I mean isn't that most of it? If you put a snippet of code in front of me and said "there's probably a vulnerability here" I could probably spend a few hours (a much lower METR time!) and find it. It's a whole other ballgame to ask me with no context to come up with an exploit.
It also sounds like that is how mythos works too. Which makes sense - the linux kernel is too big to fit in context
find ./ \( -name '*.c' -o -name '*.cpp' \) -exec agent.sh -p "can you spot any vulnerabilities in {}" \;Finding a needle in a haystack is easy if someone hands you the small handful of hay containing the needle up front, and raises their eyebrows at you saying “there might be a needle in this clump of hay”.

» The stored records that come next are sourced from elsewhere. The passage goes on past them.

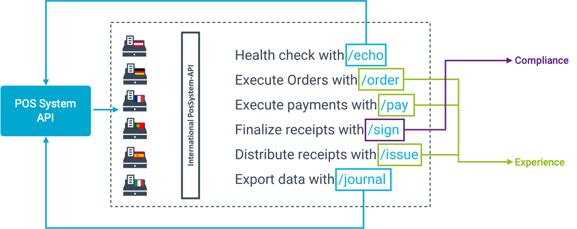 L’API du système POS de fiskaltrust sert d’interface centrale entre les systèmes POS et le middleware de fiskaltrust. Elle offre un ensemble complet de fonctionnalités, y compris la fiscalisation (ou la signature) des reçus, l’exécution des paiements via divers fournisseurs, l’impression de reçus numériques et l’exportation de données depuis le middleware.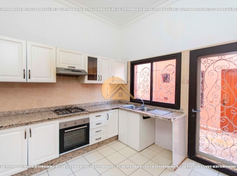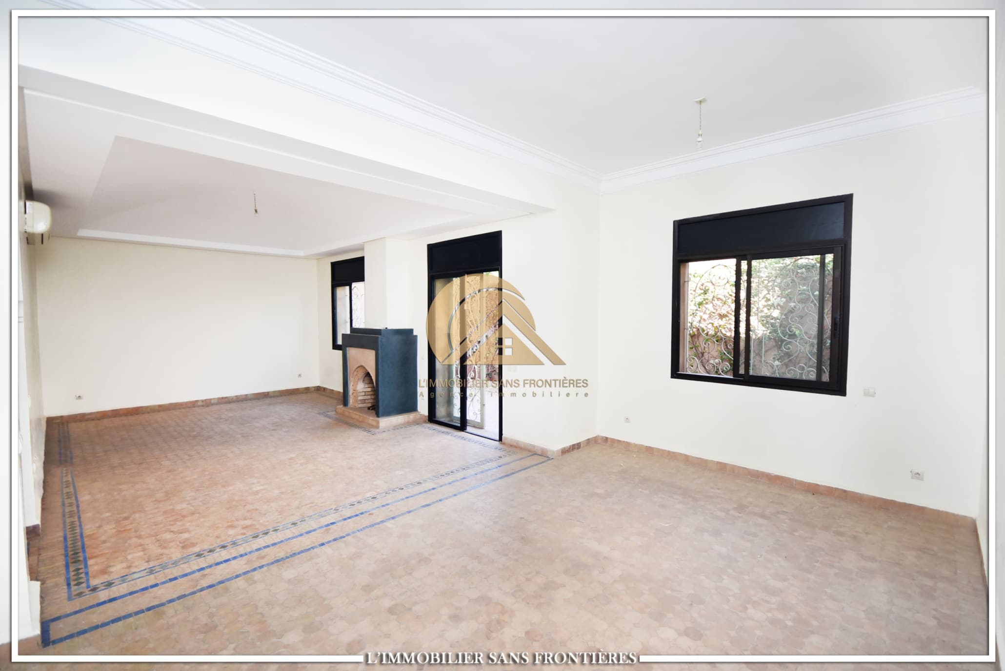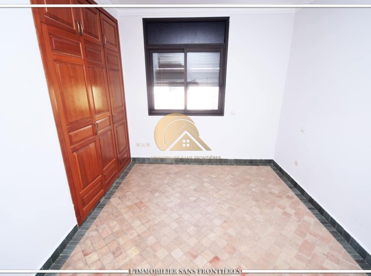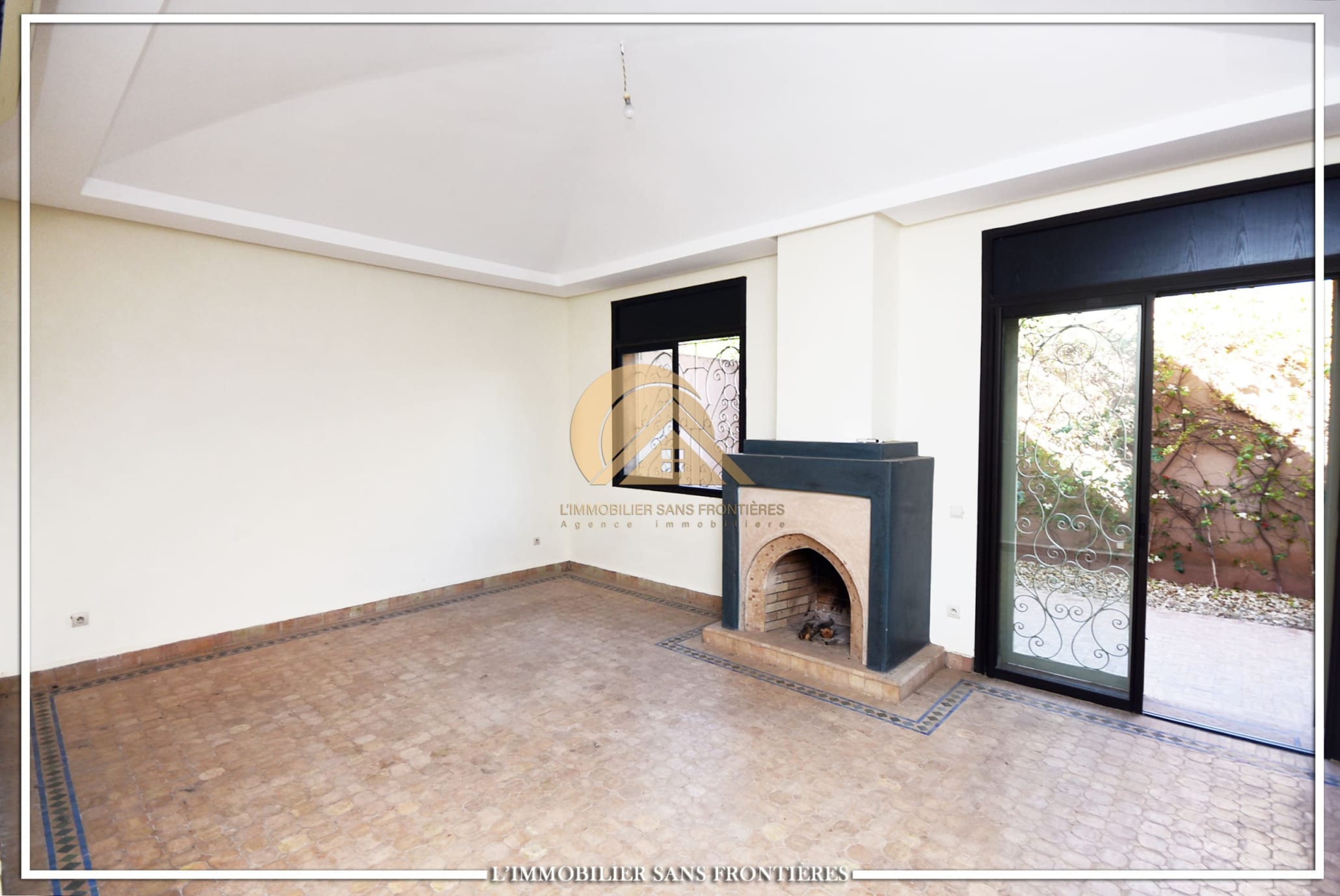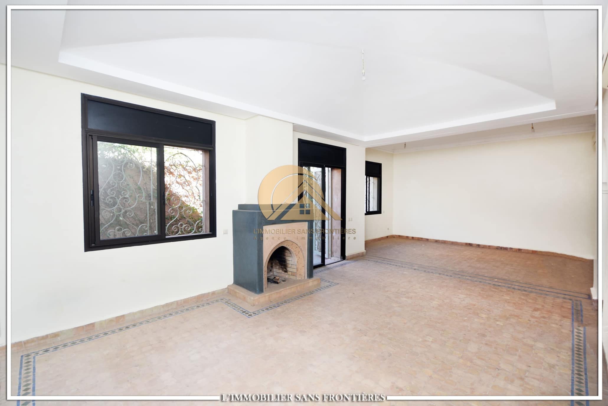 Real Estate Without Borders offers this unfurnished villa for rent in Targa, Marrakech, within a secure residence. It includes a private garden and spaces spread over two levels, with a fireplace, bay window and a terrace. Conditions required: 1 month’s rent and 2 months’ deposit.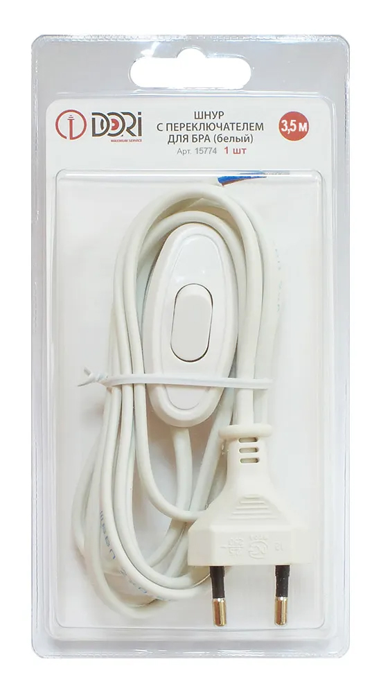 15774 Шнур для бра с переключателем, белый, блистер, 3,5м

Gating access is also a clever marketing move:
Option A: Release it but run out of capacity, everyone is annoyed and moves on. Drives focus back to smaller models.
Option B: A bunch of manufactured hype and putting up velvet ropes around it saying it’s “too dangerous” to let near mortals touch it. Press buys it hook, like, and sinker, sidesteps the capacity issues and keeps the hype train going a bit longer.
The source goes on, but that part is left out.